Карл жил в двухэтажном деревянном доме с сортиром на лестничной клетке, с поскрипывающей лестницей, по которой валялись старые половички, постепенно съезжавшие от квартир вниз; они пахли старой грязью и вечным отшелушившимся эпителием, составляющим главную часть пыли в любой квартире.

У Карла не было птички, которая бы улетела, и это его тревожило. С другой стороны, - думал он, - никем не доказано научно, что все действительно так, как принято считать. Все это может быть придуманным, потому что люди могут жить и не обращая внимания на такие вещи, а их же нельзя считать всех неправильными, раз уж им удается как-то справляться со своей продолговатой жизнью.

Этот квартал, скажем, да и весь район из подобных же соседних кварталов (из невысоких домов, более-менее невысоких среди дотаивающего апрельского снега) как бы содержит в себе нечто, пригодное для того, чтобы не считать себя совсем отличным от районов, где жизнь устроена вовсе по-другому и т. д., но это - не самое главное, так о чем же речь?

О том, что когда надо, то - должна быть птичка.

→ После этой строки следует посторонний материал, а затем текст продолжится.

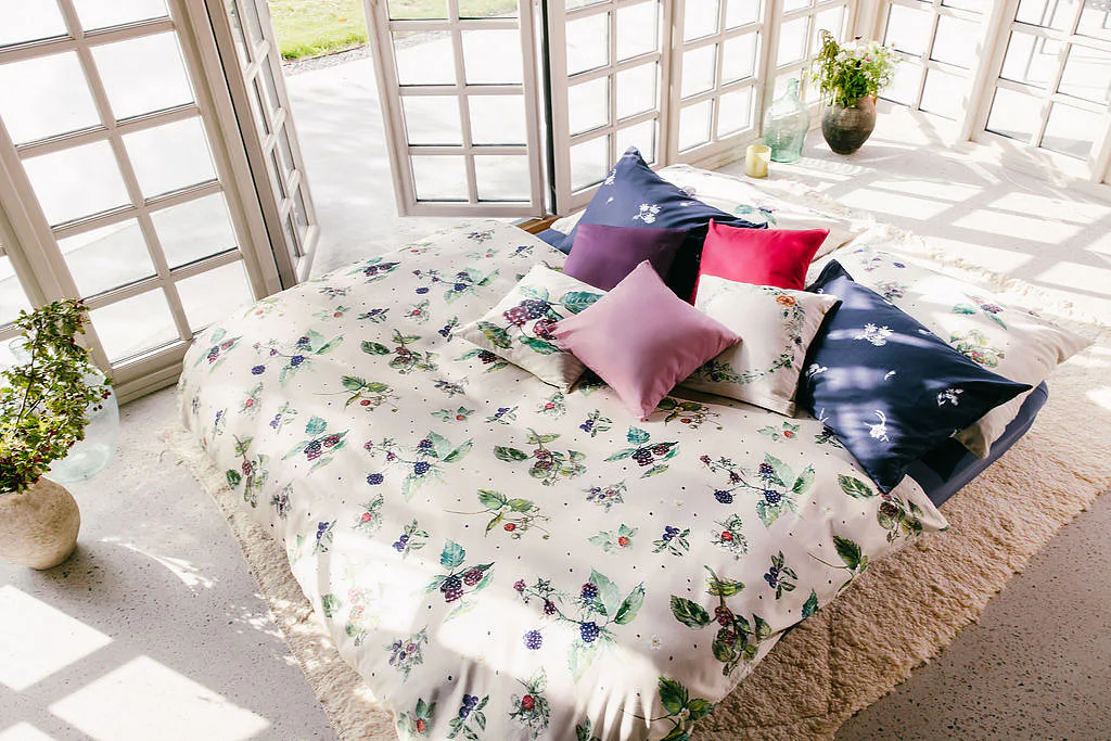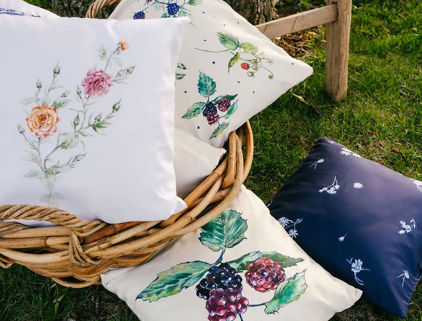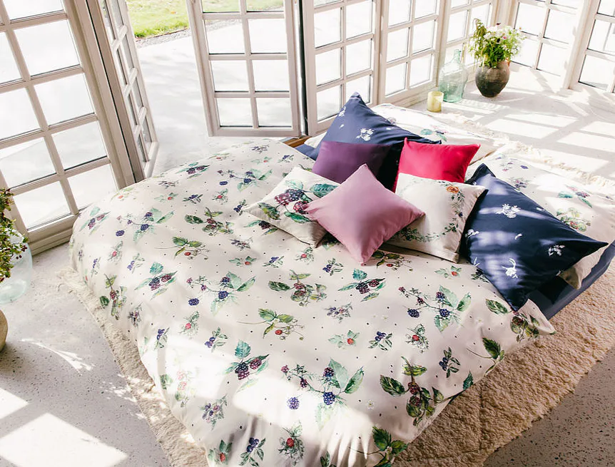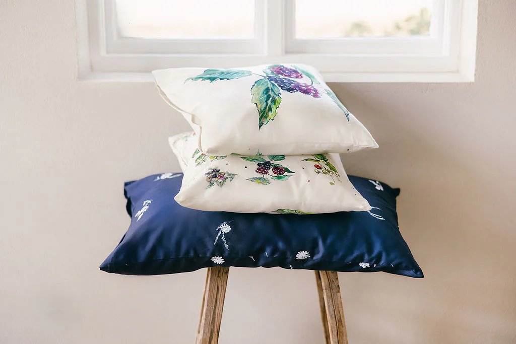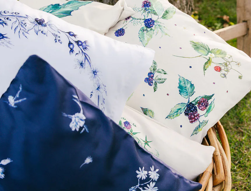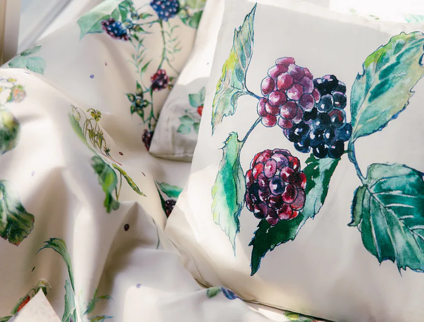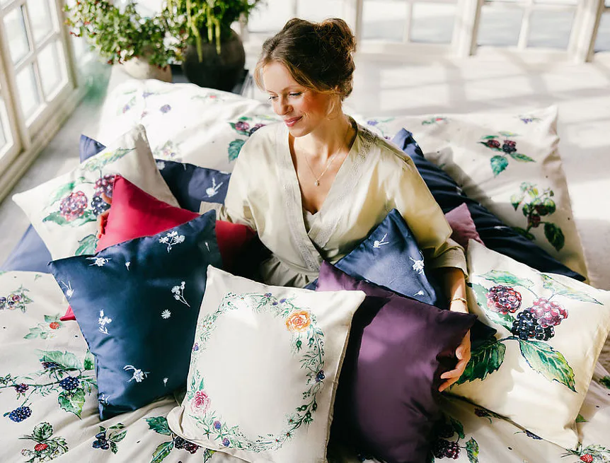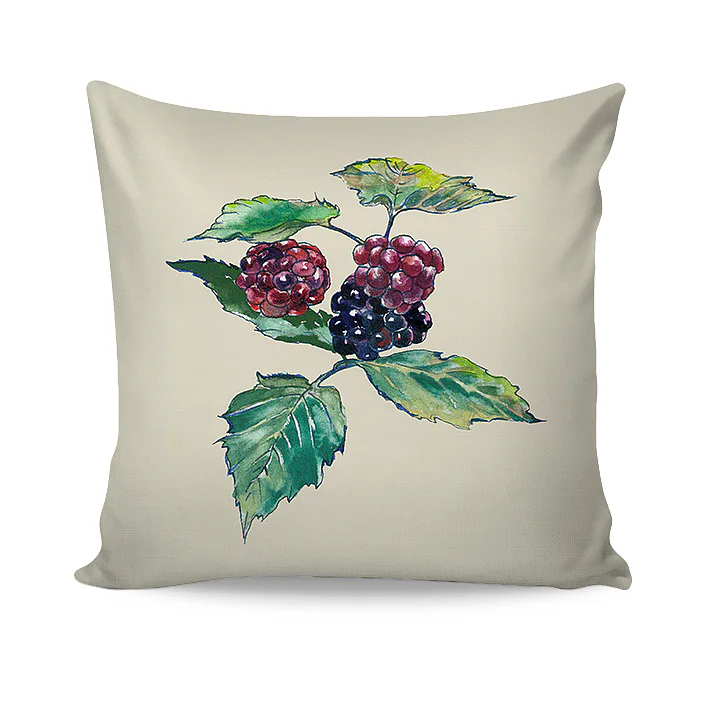 Hřejivé „berries“ v akvarelové malbě na béžovém podkladu. 100% bavlněný satén, oboustranný tisk, zipový uzávěr. Útulnost s moderním nádechem.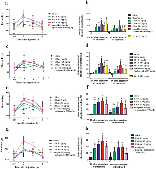 Figure 3. Analgesic activity of Eu1.6 in rat PNL and CCI pain models. (a,b,e,f) PNL and CCI rats (n = 8/group) were treated with sterile saline (i.m.), Eu1.6 (0.5, 2.49 and 24.9 μg/kg, i.m.), Vc1.1 (27.2 μg/kg, i.m.), or a combination of morphine (5 mg/kg), subcutaneous injection (sc) and gabapentin (100 mg/kg, intragastric administration (i.g.). Sham rats (n = 8) were treated with sterile saline (i.m.). (c,d,g,h) PNL and CCI rats (n = 8/group) were treated with sterile saline (i.v.), Eu1.6 (1, 4.98 and 49.8 μg/kg, i.v.) or the combination of morphine (5 mg/kg, sc) and gabapentin (100 mg/kg, i.g.). The LHS graphs shows the mean pain threshold at pre-injection and 2, 4 and 6 h following treatments (a,c,e,g), whereas the RHS bar graphs show the corresponding elevation percentage at 2 h and 4 h following treatments (b,d,f,h). The different groups were analyzed by one-way ANOVA followed by the LSD test for multiple comparison tests at a 0.05 level of significance. *p < 0.05 vs. saline, #p < 0.05 Eu1.6 (low dose group) vs. Vc1.1 or the combined group of morphine and gabapentin. |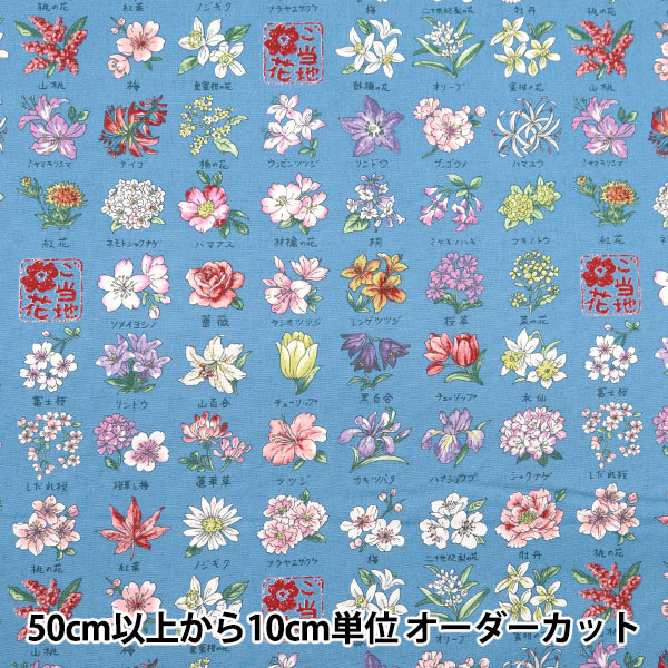【数量5から】 生地 『オックス ご当地シリーズ 花 ブルー YPA-51000-1D』 KOKKA コッカ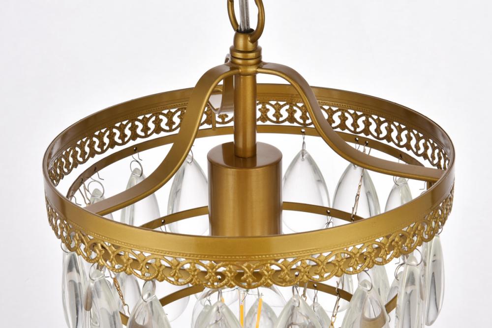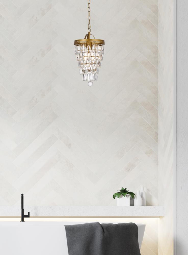 This one light pendant is sure to look great in your space. The circular canopy, hanging chain, and socket are made from metal of your choice of finish. It features a cascading tiers of crystal drops that encases one medium socket. This fixture takes one 40W bulb, (not included) that wash your space in a bright glow. It's compatible with a dimmer switch, so you'll always have the right amount of light no matter the time of day.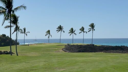 現在ぺブルビーチで熱戦が繰りひろげられていますね。 やはり、オーシャンフロントのホールは綺麗でありながら、スリルがあり、見ていて最高ですね。 ここハワイ島にも、海岸線に沿って展開する名ホールの数々が存在します。五感で楽し …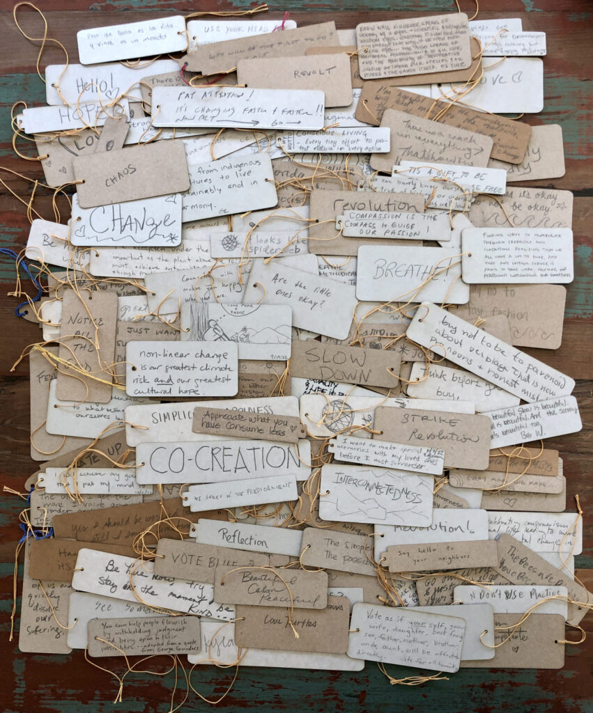 Despite my sleepless nights, the knowledge gained through my constant quest for understanding and the connections formed with organizations like MAHB, Post Carbon Institute, and Deep Transformation Network have been invaluable to me. Taking action, engaging the community, and instigating projects like “What’s Next for Earth” have made me feel more connected and helped me to foster new and lasting friendships with people who share my concerns. Through participatory installations, I’ve sought to amplify awareness about our predicament and encourage reflection on possible actions. And the journey and anxiety have led Kyle and me to a pivotal decision to create Authentique Artfarm with a focus on resilience and being more connected to nature in our daily lives.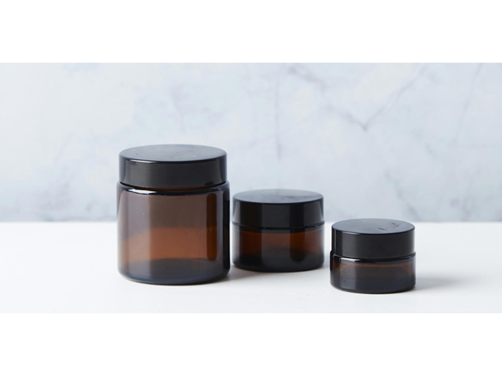 Dette sæt med tre smukke kosmetikglas i ravfarve er perfekt til opbevaring af dine kosmetiske produkter, cremer, lotioner og andre skønhedsartikler. De er fremstillet af holdbart glas og har en tidløs og elegant æstetik, der passer til enhver skønhedsindretning.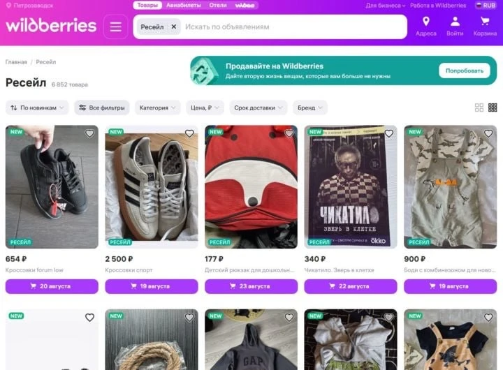 Wildberries расширил раздел «ресейл». Теперь на площадке можно выставлять на продажу не только вещи, купленные на самом WB. Всё будет работать по схеме, к которой все привыкли: покупатель оплачивает товар заранее и забирает его в пункте выдачи. При этом существуют небольшие ограничения: крупногабарит, техника, 18+ товары, лекарства размещаться не будут.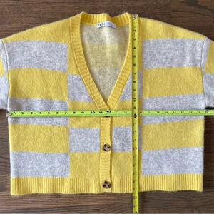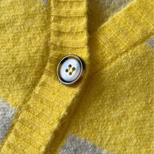 Zara Alpaca Wool Blend Boxy Button Front V Neck Cardigan Sweater Yellow Checked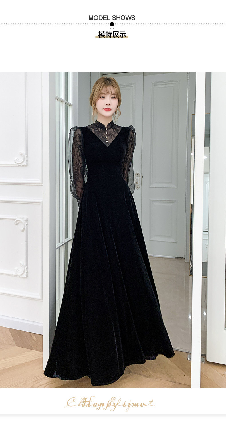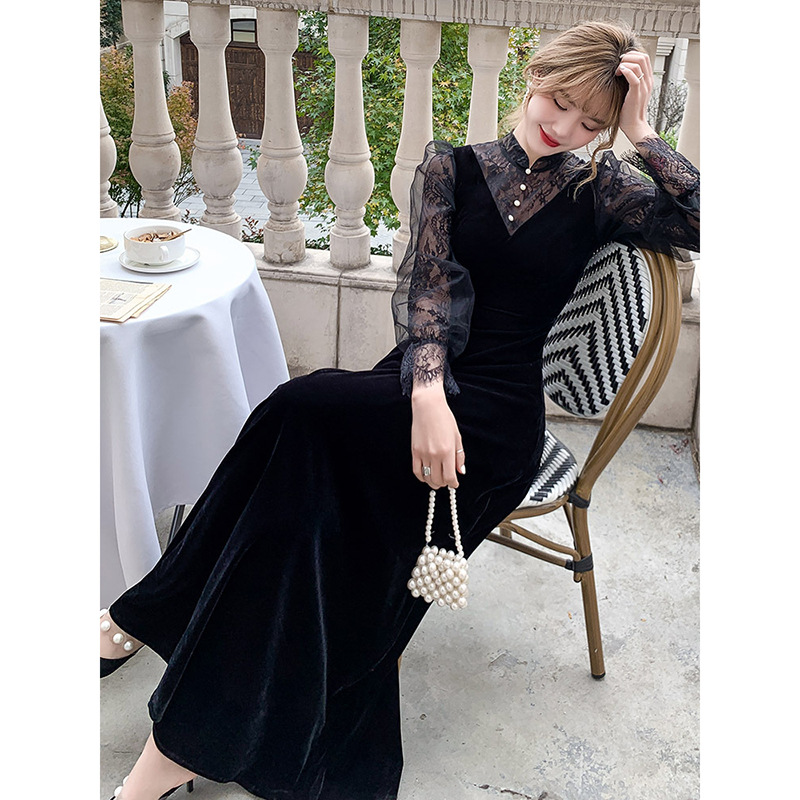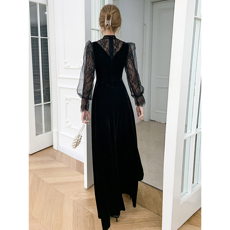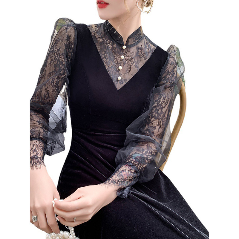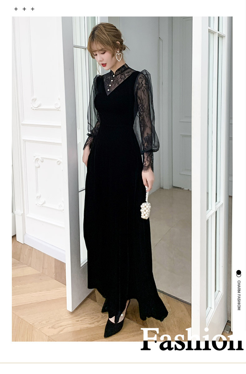 Новое черное вечернее платье в стиле шинуазри с длинным воротником-стойкой, легкое роскошное нишевое кружевное платье с длинными рукавами, которое можно носить на каждый день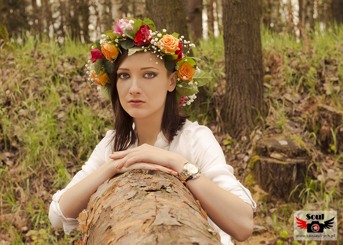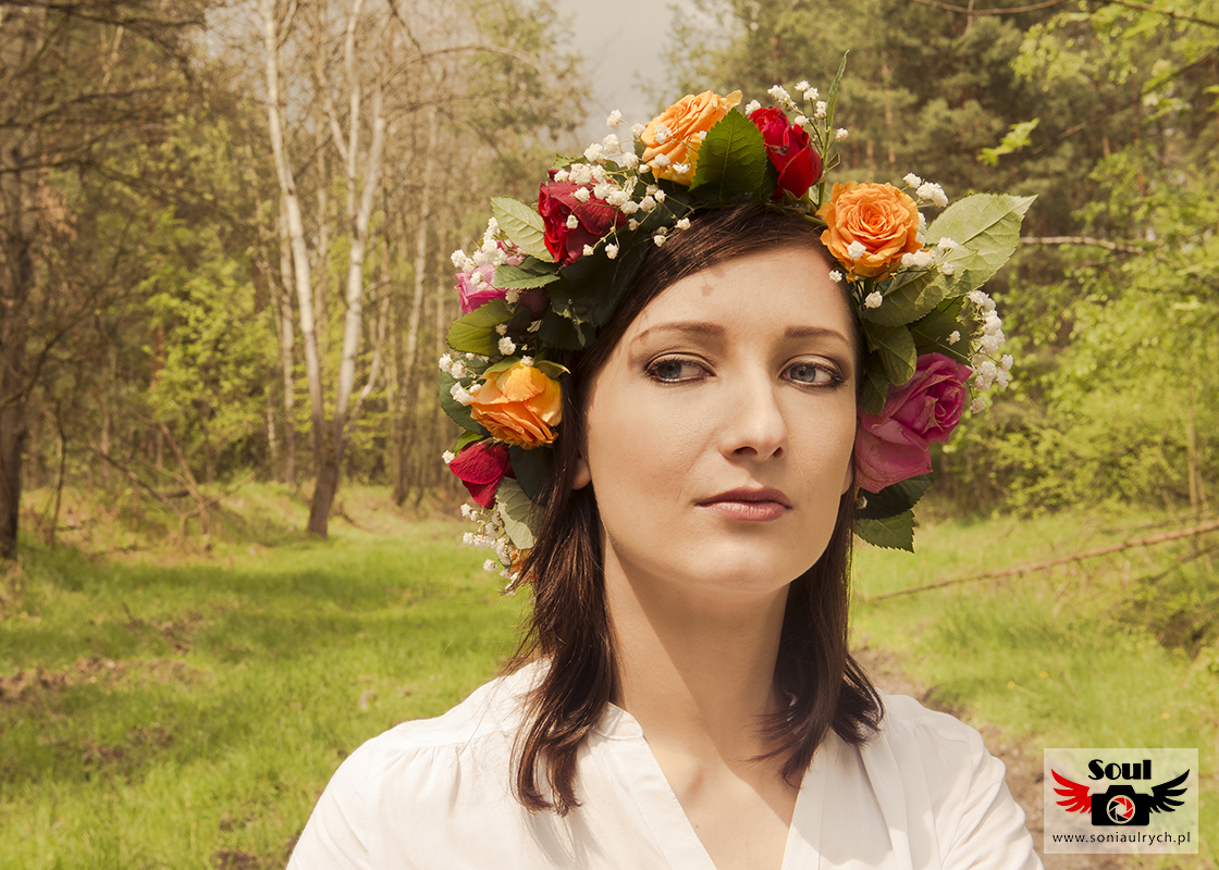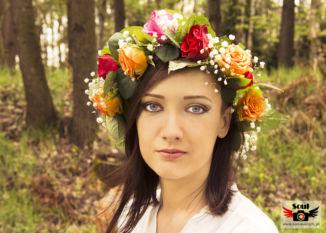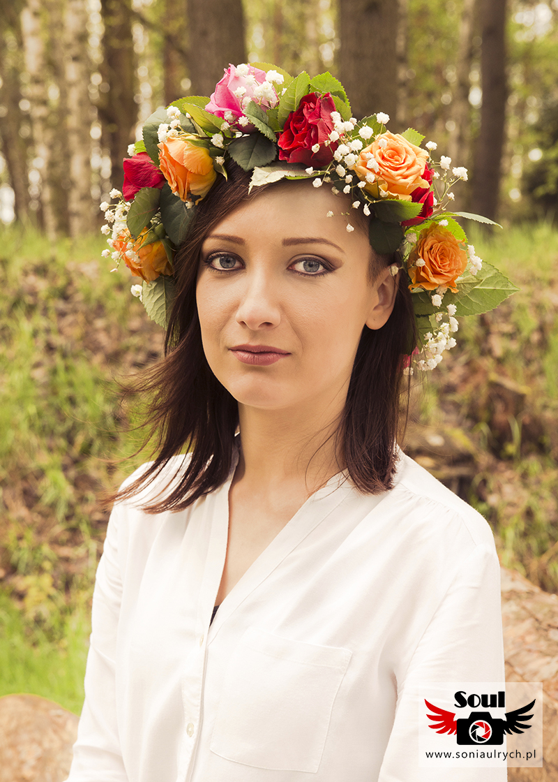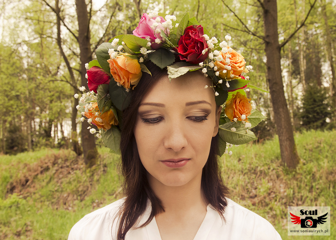 Razem postanowiłyśmy, że idealny będzie wianek zrobiony z prawdziwych kolorowych kwiatów, sceneria lasu i łąki.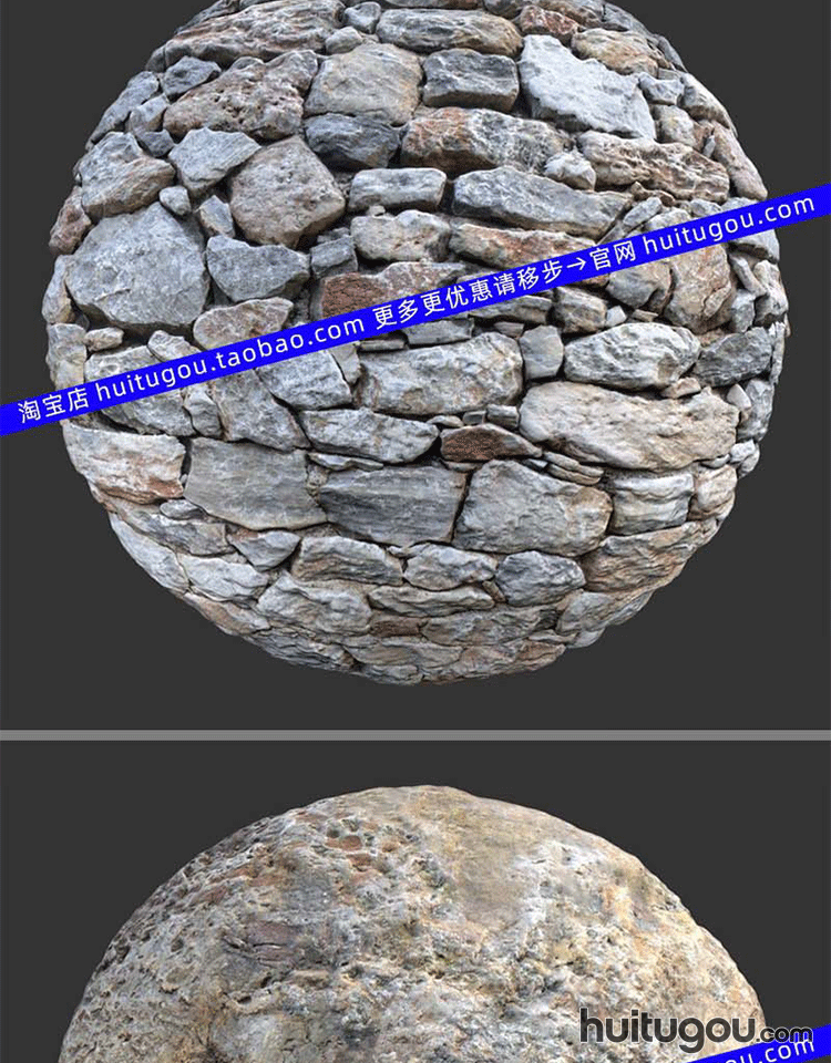 POLIIGON鹅卵石地面墙体PBR材质纹理贴图 石壁无缝通道图

Вот я, - думает Карл, - почему я верен в том, что мои ощущения верны? Почему, например, я так переживаю от отсутствия птицы? Все это слишком недоказуемо, чтобы могло бы быть вообще, потому что это красиво. Потому что это же очень хорошо, лежать с утра, глядеть на убывающие сосульки напротив, в полуоткрытое окно затекает сладкий юго-восточный воздух, а ты понимаешь, что надо нарисовать ее мелом на стене, а затем, распахнув окно, стереть мокрой тряпкой и она улетит в окно вместе с испаряющейся влагой.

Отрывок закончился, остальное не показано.